5. Un héritier à histoires

« La transmission du pouvoir entre les générations – dit Bourdieu – représente toujours un moment critique de l’histoire des unités domestiques. Entre autres raisons, parce que la relation d’appropriation réciproque entre le patrimoine matériel, culturel, social et symbolique et les individus biologiques façonnés par et pour l’appropriation se trouve provisoirement en péril. La tendance du patrimoine (et par, là, de toute la structure sociale) à persévérer dans son être ne peut se réaliser que si l’héritage hérite l’héritier, si, par l’intermédiaire notamment de ceux qui en ont provisoirement la charge et qui doivent assurer leur succession, ʺ″le mort (c’est-à-dire la propriété) saisit le vif (c’est-à-dire un propriétaire disposé et apte à hériter)ʺ″.438» Son rejet de la carrière militaire consacre Emmanuel d’Astier comme « héritier à histoires », héritier refusant l’héritage, c’est-à-dire refusant ce destin familialement conçu comme nécessaire d’être un honnête officier de carrière, bon chrétien439, gérant sagement ses biens pour « arrondir et bien doter les enfants440 », améliorant si possible sa position sociale par un mariage heureux ; bref, faisant honneur au nom et à l’esprit de famille. Son départ prématuré de l’armée a engendré une déviation de sa trajectoire sociale, rompant non seulement sa conformation aux attentes et injonctions familiales, mais aussi plus largement avec l’avenir (le plus) probable défini par son extraction sociale.

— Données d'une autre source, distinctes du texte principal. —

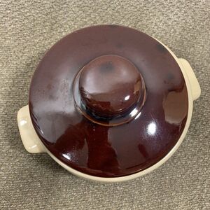 Vintage stone west crock with lid. Cute brown and cream colors. Has some discoloration. See photo.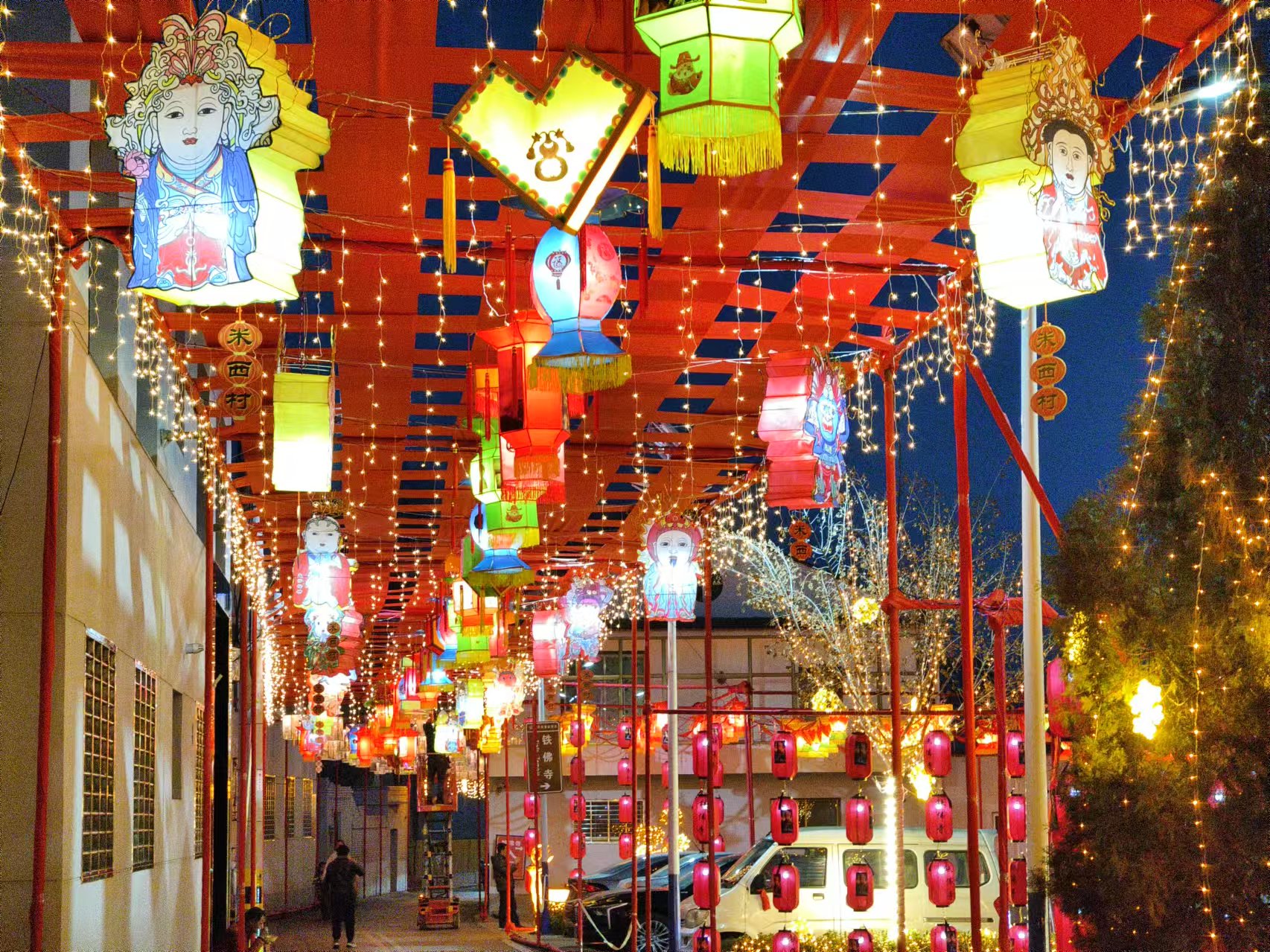 夜幕降臨,米西村傳統手工花燈和二十四諸天造像彩燈點亮,年味溢滿村巷。柔和燈光透過特制燈罩,映照出諸天菩薩的輪廓,仿佛訴說著往昔歲月的傳奇故事。游客們穿梭在花燈下,賞花燈、游古建、品年俗,感受著非遺中國年的熱鬧與紅火,濃郁的年味兒更有了文化氣息。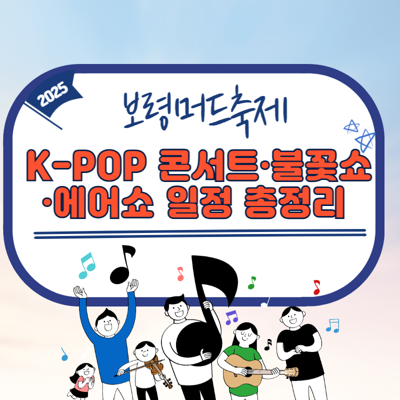 7월 25일부터 8월 10일까지 대천해수욕장에서 진행되며, 무료 K-POP 슈퍼콘서트, 환상적인 불꽃놀이, 드론라이트쇼, 대한민국 공군의 에어쇼까지 다양한 프로그램이 기다리고 있습니다.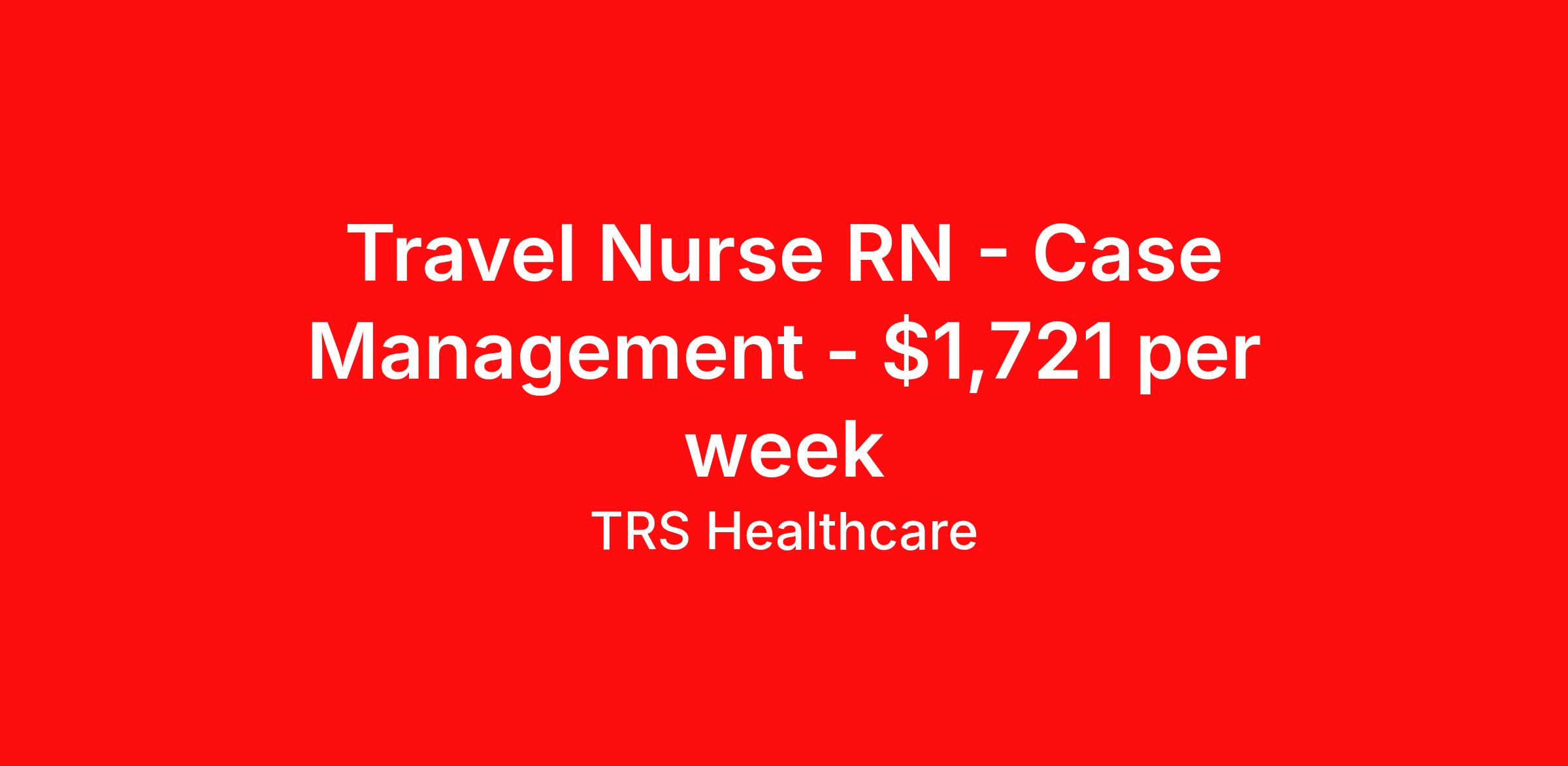TRS Healthcare is seeking a travel nurse RN Case Management for a travel nursing job in Brownsville, Texas. Job Description & Requirements Specialty: Case Management Discipline: RN Start Date: 03/23/2026 Duration: 13 weeks 40 hours per week Shift: 8 hours, days Employment Type: Travel TRS Healthcare Job ID 1443785. Pay package is based on 8 hour shifts and 40 hours per week (subject to confirmation) with tax-free stipend amount to be determined. Posted job title: Case Management Registered Nurse About TRS Healthcare TRS Healthcare has been a leader in the healthcare staffing industry for over 25 years, providing exceptional career opportunities for travel nurses and allied health professionals. An RN-founded, woman-owned company, TRS Healthcare has team members in all 50 states. We recruit and support registered nurses, licensed practical nurses, surgical technicians, respiratory therapists, imaging technologists, laboratory specialists, and other experienced nursing and allied healthcare professionals. We staff hundreds of healthcare facilities across the U.S. in urban, rural, and underserved areas, including multi-state hospital systems, critical access hospitals, rural community hospitals, long-term care facilities, trauma centers, standalone clinics, and more. Learn more about TRS Healthcare at trshealthcare.com .

438 Pierre Bourdieu, Les Règles de l’art, op. cit., p. 34.

439 Illustration de ces injonctions diffuses, cet extrait d’une lettre que lui écrit sa mère le 30 décembre 1920 : « Je veux t’envoyer tous nos tendres vœux pour la nouvelle année. Je te souhaite bien du bonheur, je te voudrais en plus un bon chrétien sérieux et marchant droit dans la vie. Nos prières t’accompagnent. (Lettre de sa mère à Emmanuel d’Astier, 30 décembre 1920, archives privées Christophe d’Astier de La Vigerie) »

5.1. Les conditions de l’indétermination sociale

Au moins jusqu’à la seconde moitié des années 1930, moment à partir duquel sa situation sociale objective semble se stabiliser, Emmanuel d’Astier est un être indéterminé, objectivement comme subjectivement. Tout au long de ces années, sa position et son statut social sont mal définis et fluctuants, ce qui se traduit par une oscillation permanente entre oisiveté et travail, par la variété et la multiplicité de ses expériences professionnelles, enfin par une propension à s’orienter vers des professions peu formalisées et donc par conséquent très ouvertes, que ce soit sur le plan du recrutement comme sur celui des manières de les investir.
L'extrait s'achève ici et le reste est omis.